Dans le cadre de la présente recherche, nous espérons que les résultats qui seront obtenus permettront de comprendre dans quelle mesure, parmi les différentes sources d’influence, la

régulation de l’orthodoxie religieuse a un impact sur les conceptions de la sexualité chez des adolescents qui se définissent comme croyants et pratiquants.

De l’avis de Duveen (2001), le sujet intériorise les RS du milieu en construisant ses propres positions identitaires par rapport aux objets. Cette approche est qualifiée de culturaliste par certains auteurs; elle soutient l’idée que les RS préexistent à l’individu et de ce fait, à l’identité. Dans ses recherches sur les RS des catégories de genre, Duveen (1999) met en valeur les relations entre métasystème et systèmes cognitifs; plus précisément, dans ses idées sur la place de l’identité dans la représentation, il avance :

Tout en permettant de maintenir un sentiment permanent d’eux-mêmes et du monde, les identités les projettent dans un univers social marqué par un ensemble complexe de relations entre les groupes. Si l’identification est une forme de positionnement du soi en rapport avec les représentations, il faut aussi tenir compte de la dynamique complexe qui peut être en jeu (p. 130).

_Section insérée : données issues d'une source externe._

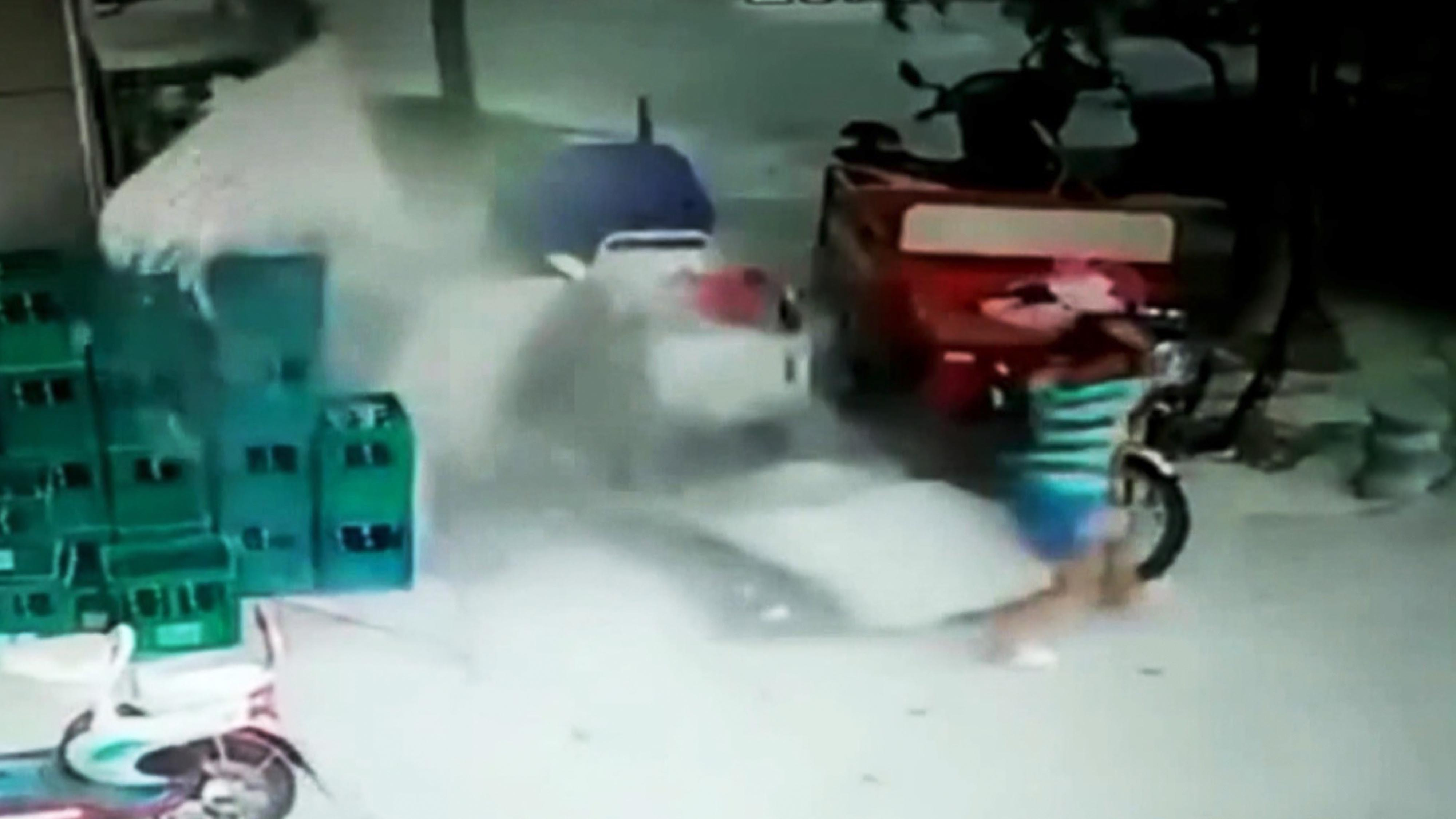 A boy avoided serious injury when falling pieces of wall from a residential building almost crushed him.

Selon Doise (1989), les RS des enfants dépendent de la situation éducative et des sous- groupes auxquels ils appartiennent; selon lui, les schèmes organisateurs qui structurent les organisations cognitives des individus proviennent de la culture. Garnier (1999) fait remarquer que l’analyse de la formation des RS offre, au cours de sa genèse, l’opportunité de cerner le rapport entre les systèmes cognitifs et le métasystème et le rapport entre l’individuel et le social. La formation ou la transformation des RS, comme nous l’avons vu plus haut, est susceptible d’être une source de débats et d’enjeux où l’identité tient une place centrale (Deschamps et Moliner, 2008).

De tout ceci, il ressort qu’il est nécessaire de bien comprendre la relation qui existe entre l’identité et les RS afin de clarifier la position à adopter dans la présente recherche.